La gente en la calle vio al padre seguir a la hija desesperado, gritando su nombre, intentando detener a toda costa su paso, solo para verse arrastrado por la marcha de las muertas, llorando histérico. Había vuelto, y a la vez no volvería jamás. Tanto buscar a una hija para acabar encontrando un cascarón vacío.
Poco a poco todas fueron reconocidas. Las hijas perdidas, las amigas desaparecidas, las vecinas que una noche no volvieron a salir de sus casas, o que salieron para nunca más volver. Todas habían regresado, pero a la vez ya no estaban ahí. En un principio esto generó pánico inmediato, inspirado obviamente en ciertas películas de terror, hasta que se dieron cuenta que ellas en realidad no lastimaban a nadie. Si se cruzaban con alguien vivo, lo pasaban de largo y seguían andando sin parar, sin importar si ese vivo las había conocido o no.
La prensa no tardó en darles un nombre: carcasas. No es como que fueran otra cosa antes para los medios, pero ahora podían darles una marca, un nombre que vendiera periódicos y elevara los ratings. Cuando se comprobó que las carcasas en efecto no eran peligrosas, la policía finalmente salió de su cubil y empezó a actuar. Y con actuar se referían a simplemente juntarlas en rebaños, subirlas a camiones y camionetas y llevarlas a cualquier edificio -hospital, cárcel, las mismas cajas de los vehículos- donde mantenerlas bajo llave hasta saber qué hacer. Ellas se dejaron pastorear sin reacción alguna. Para muchos esto fue un alivio y dieron por zanjado el asunto, para otros no era tan sencillo, y se dieron a la tarea de reconocerlas, inspeccionarlas y llamar a las familias.
Un día, un grupo de carcasas reaccionó. Y entonces se confirmó que no eran peligrosas para todos.

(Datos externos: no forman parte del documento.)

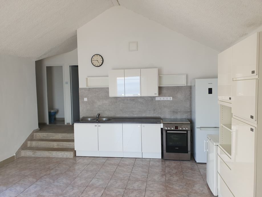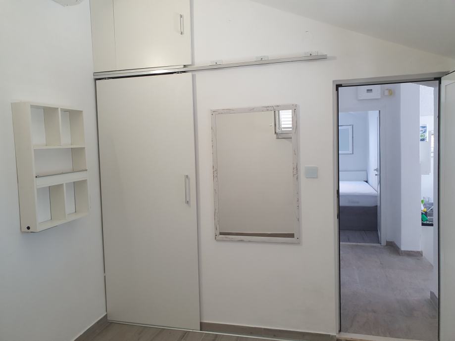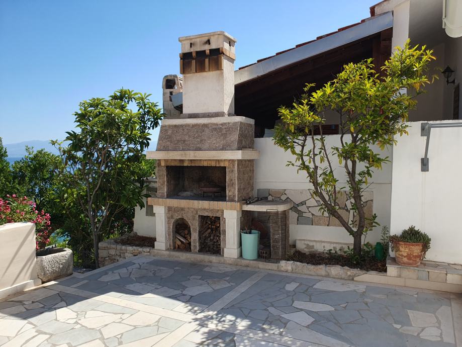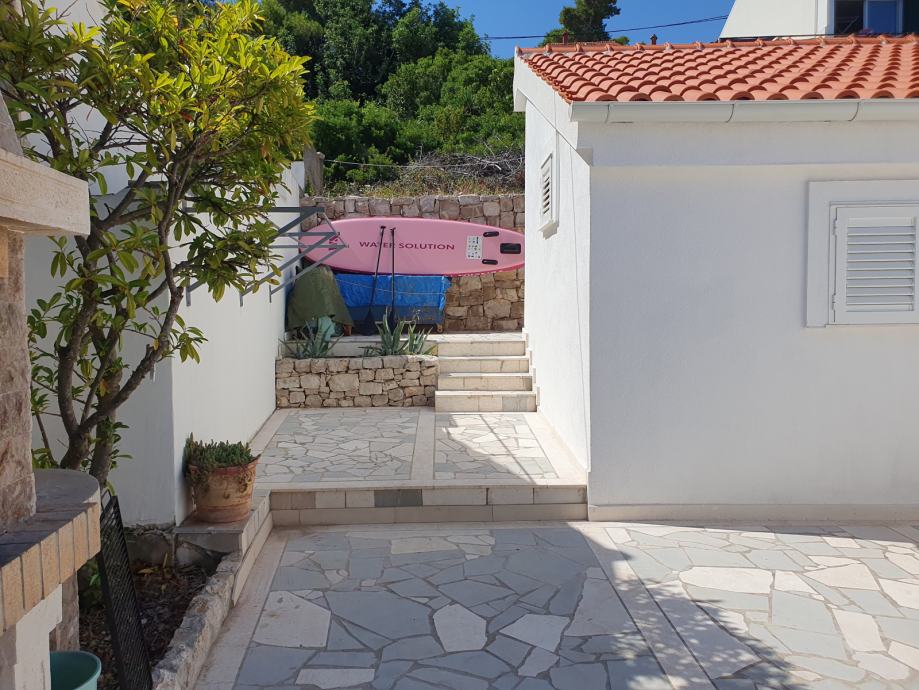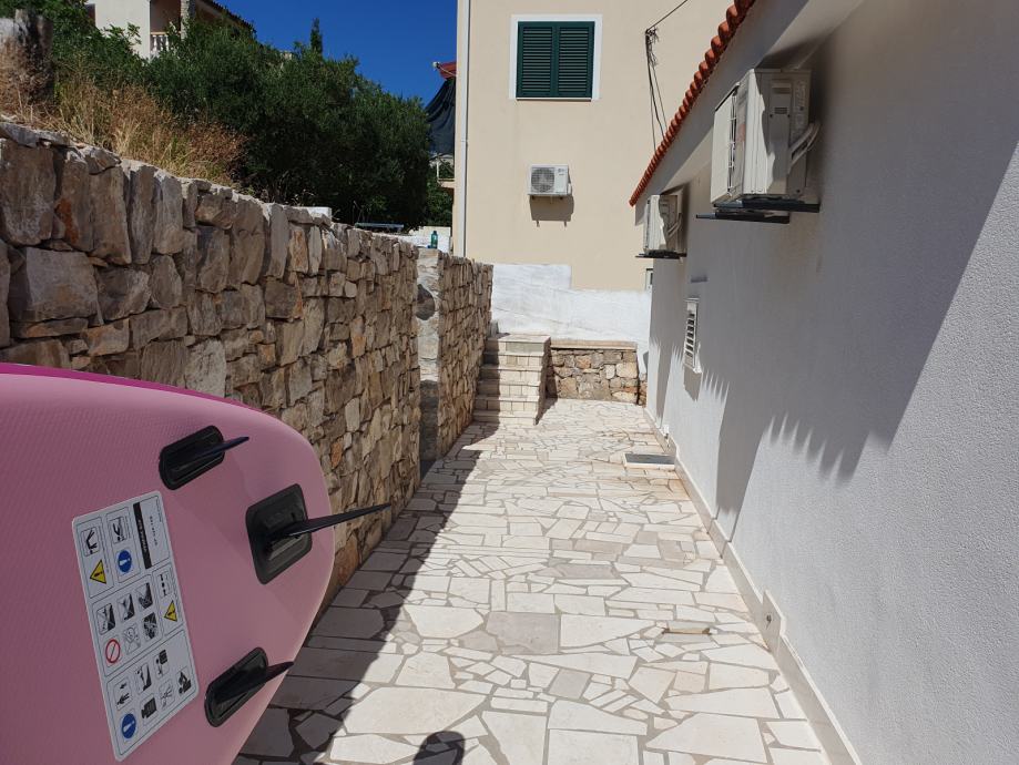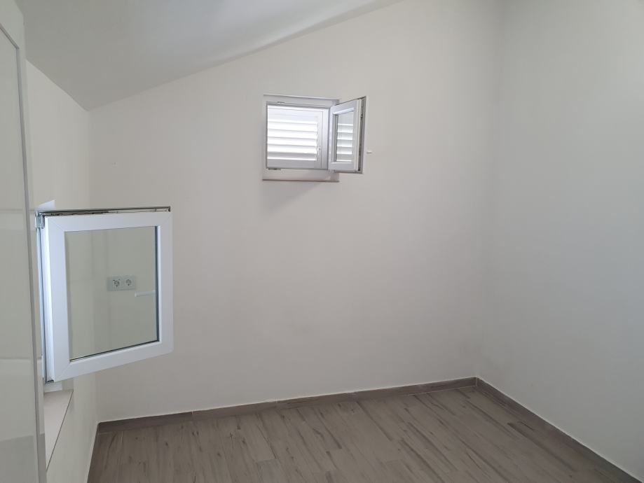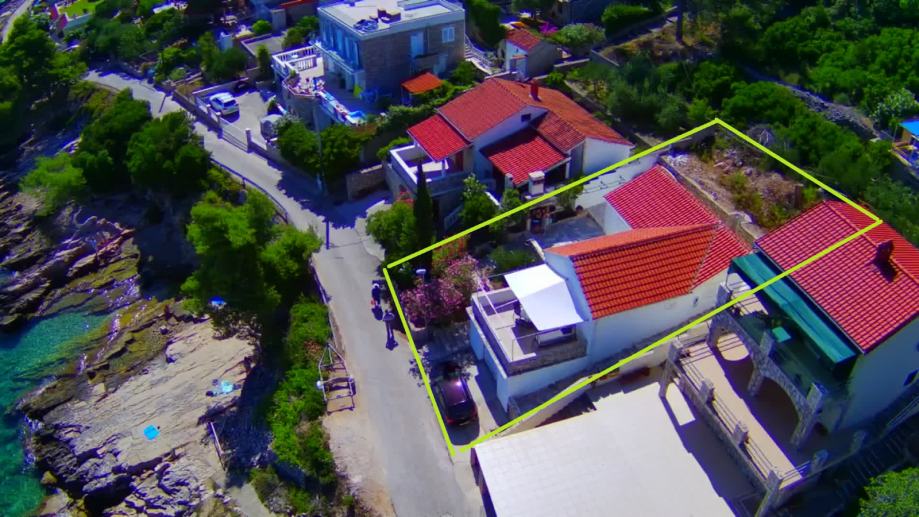 The house is 100m2 with two bedrooms. Each room has its own AC unit, common corridor with bathroom with toilet + separate toilet. The kitchen combined with the living room has access to the terrace and balcony. The 21m2 balcony has a view of the sea and Split. The entrance terrace is 36m2 with a barbecue/grill and continues to the back of the plot, where there is an outdoor shower. Behind the house there is a part of the field of 85m2 ready for landscaping as desired. Garage and storage area is 31m2.

En un separo de una comisaría, en medio de las carcasas, apareció el cuerpo desmembrado de un policía. Durante la noche lo habían despedazado, y restos del hombre habían quedado por toda la celda, embarrados en el suelo, los muros, incluso en algunas de ellas. Pero no habían sido todas, no: las responsables habían caído alrededor de lo que quedó de él, y ya no se volvieron a mover. Se habían vuelto a morir, no había otro modo de decirlo. El resto sólo las rodeaba, silentes e impasibles como siempre. Hubo más carcasas caídas en un hospital esa misma noche, sin que éstas atacaran a nadie.
Sólo entonces se supo que ese policía, abusando de su placa, había violado y matado a todas esas mujeres que esa noche volvieron a morir.